We are running a series of model comparisons for categorical data. Since the models are not nested we are using the Information Criteria which are available through MLR estimation. For one of the potential models, there are convergence problems which we have attempted to address in multiple ways (e.g. investigating different start values including the use different numbers of random start values). This may be a mute point, however, if the AIC, BIC, and BCC are at all informative. Even though the model fails to converge the output provides these values. Are the information criteria useful in this context.
 Linda K. Muthen posted on Wednesday, January 04, 2006 - 9:02 am
I don't think that we would give these values if the model did not converge. Can you send your input, data, output, and license number to so I can see your problem?
 Eisuke Segawa posted on Thursday, July 13, 2006 - 10:02 am
On Tuesday, June 29, 2004 Tihomir replied to a question,

"1. Yes. The default numerical integration algorithm is better than MONTECARLO and GAUSSHERMITE. It is more precise and stable than MONTECARLO and is generally more reliable than GAUSSHERMITE."

Is there a document that describes why the default method is more reliable than GAUSSHERMITE? Also, is there a document which describes how quadrature points and weights are determined in the default method?

Thank you.
 Bengt O. Muthen posted on Friday, July 14, 2006 - 4:40 pm
No, there is not. But given an interest, we can produce more information.
 RDU posted on Saturday, November 15, 2008 - 9:08 pm
Three questions:

1.) I have been experimenting with a series of Factor Mixture Models with ordinal indicators. I have noticed that the command "ALGORITHM = INTEGRATION" is required whenever I specify the indicators as being categorical. So is integration needed (e.g., using MLR estimation) because we are treating the ordinal data as discretized version of a continuous underlying variable, and we need to integrate in order to derive thresholds and other estimates?

2.) Is it correct that polychoric correlations are not used in these models, since we are not using WLS or WLSMV as the estimator and due to the general assumptions of mixture models?
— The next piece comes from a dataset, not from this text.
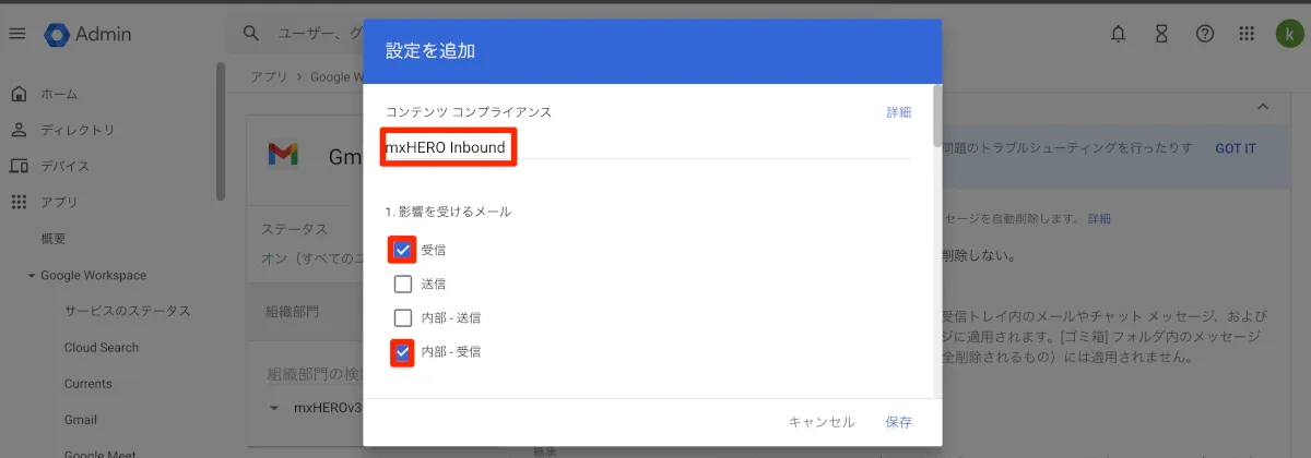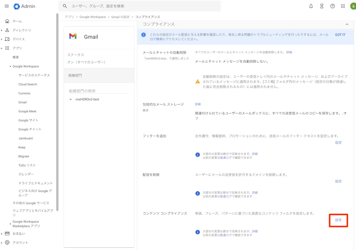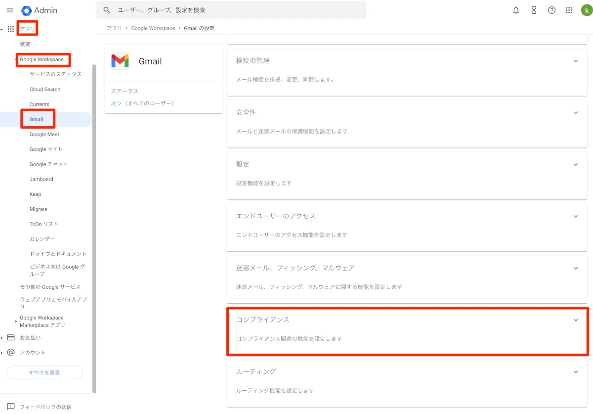 - [アプリ] > [Google Workspace] > [Gmail]の順に遷移して、[コンプライアンス]を開きます。

3.) Are there any papers written on this particular topic so that I can better understand what's happening? Thank you.
 Bengt O. Muthen posted on Sunday, November 16, 2008 - 10:28 am
1) No, that's not the reason. Numerical integration is needed for ML estimation when the model involves a combination of continuous latent variables and categorical observed variables. Same thing in IRT where single-class models are considered - see that literature for more technical details in the single-class case, e.g. the Psychometrika paper by Bock & Aitkin (see References on our web site).

2) Yes.

3) See the Muthen-Asparouhov (2008) chapter

Muthén, B. & Asparouhov, T. (2008). Growth mixture modeling: Analysis with non-Gaussian random effects. In Fitzmaurice, G., Davidian, M., Verbeke, G. & Molenberghs, G. (eds.), Longitudinal Data Analysis, pp. 143-165. Boca Raton: Chapman & Hall/CRC Press.
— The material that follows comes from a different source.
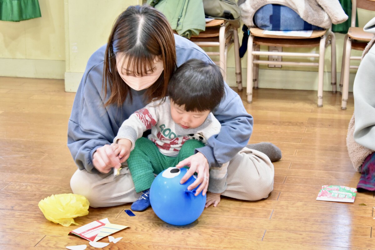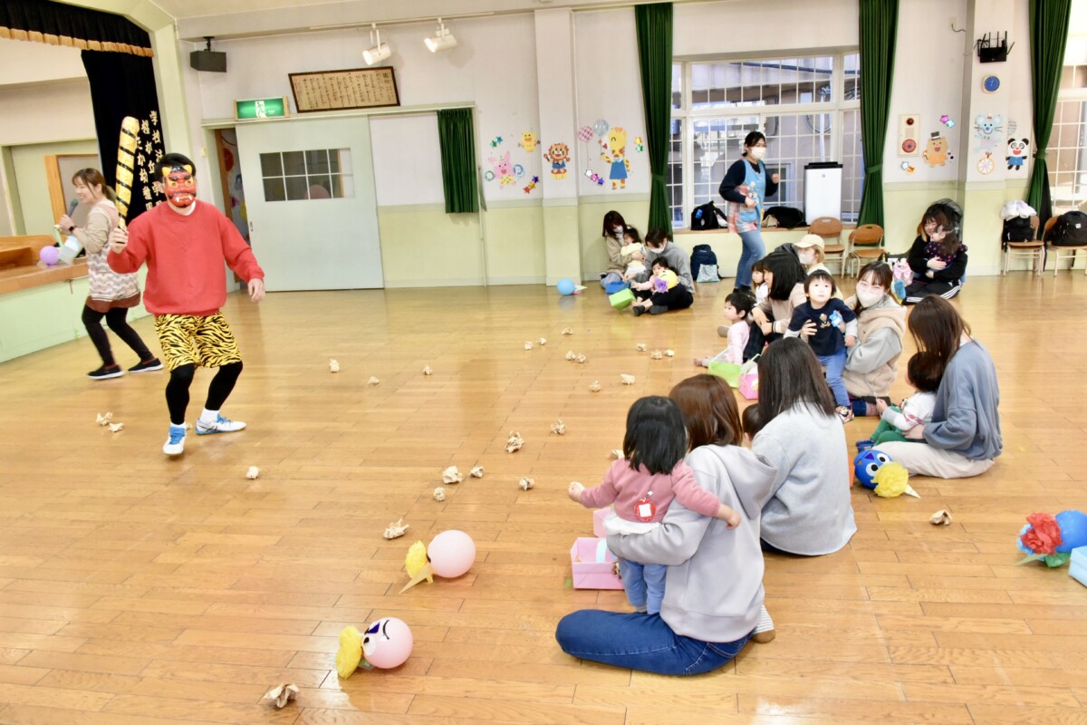 今日は、未就園児教室”ちびっこひろば”で、豆まきを開催⭐️まずはゆうだい先生と体を動かして体操をした後、風船を使った遊びを親子で行いました🎈♡

which is on our web site (Papers, GMM).
 Syd posted on Wednesday, August 04, 2010 - 4:03 am

A note above states that "The default numerical integration algorithm is better than MONTECARLO and GAUSSHERMITE. It is more precise and stable than MONTECARLO and is generally more reliable than GAUSSHERMITE. We do not recommend MONTECARLO for 1-3 dimensions of integration since the regular integration is possible for most models. If time is an issue you can use INTEGRATION=STANDARD(7), with more lenient convergence criteria, which will be less precise but 8 times faster for 3 dimensions."

I'm trying to run a model with 4 dimensions of integration. Due to the complexity of the model, it appears that the model will run for approximately 10 hours if I use INTEGRATION=STANDARD, so I am looking for a way to decrease the duration. However, as MONTECARLO is stated to be less precise than STANDARD, I'm not sure about how to proceed. Would it be preferable to use MONTECARLO or STANDARD(7) in terms of the accuracy of the results?
 Linda K. Muthen posted on Wednesday, August 04, 2010 - 9:40 am
I would use STANDARD (7) and then for the final model use the default using starting values from the SVALUES option of the OUTPUT command to speed things up.
 Syd posted on Wednesday, August 04, 2010 - 12:18 pm
Thank you for the guidance. Just to clarify what you mean by "for the final model," I understand that I need to run my model twice, once with STANDARD(7), and a second time with STANDARD(15) using the starting values from the STANDARD(7) run. Is this correct?
 Linda K. Muthen posted on Wednesday, August 04, 2010 - 4:54 pm
Whichever model is your final model should be run with the default of STANDARD (15). Sometimes, one runs more than one model before the final model.
 Syd posted on Wednesday, August 04, 2010 - 5:52 pm
Thank you very much for the help. This really decreased the the running time for the final model to about 2 hours.
 Mary Campa posted on Monday, October 24, 2011 - 5:42 pm
Hello. I am running a two level mixture model with 4 between level dimensions of integration. I have tried to reduce the initial running time by using standard(7) statement as indicated in the 8/4/10 post but it did not change the final number of integration points (50625). The program has issued a warning about the computational burden and suggested reducing integration points or using montecarlo but neither of these statements has made a difference.

Here is the code I am using:

STARTS = 20 10;


C#1; C#2*1; C#3; C#4; C#1 with C#2 C#3 C#4; C#2 with C#3 c#4; C#3 with C#4;

Any suggestions appreciated. Thank you.
 Bengt O. Muthen posted on Monday, October 24, 2011 - 8:41 pm
Sounds like you have a very large sample size - what is it?

How many dimensions do you have on Within?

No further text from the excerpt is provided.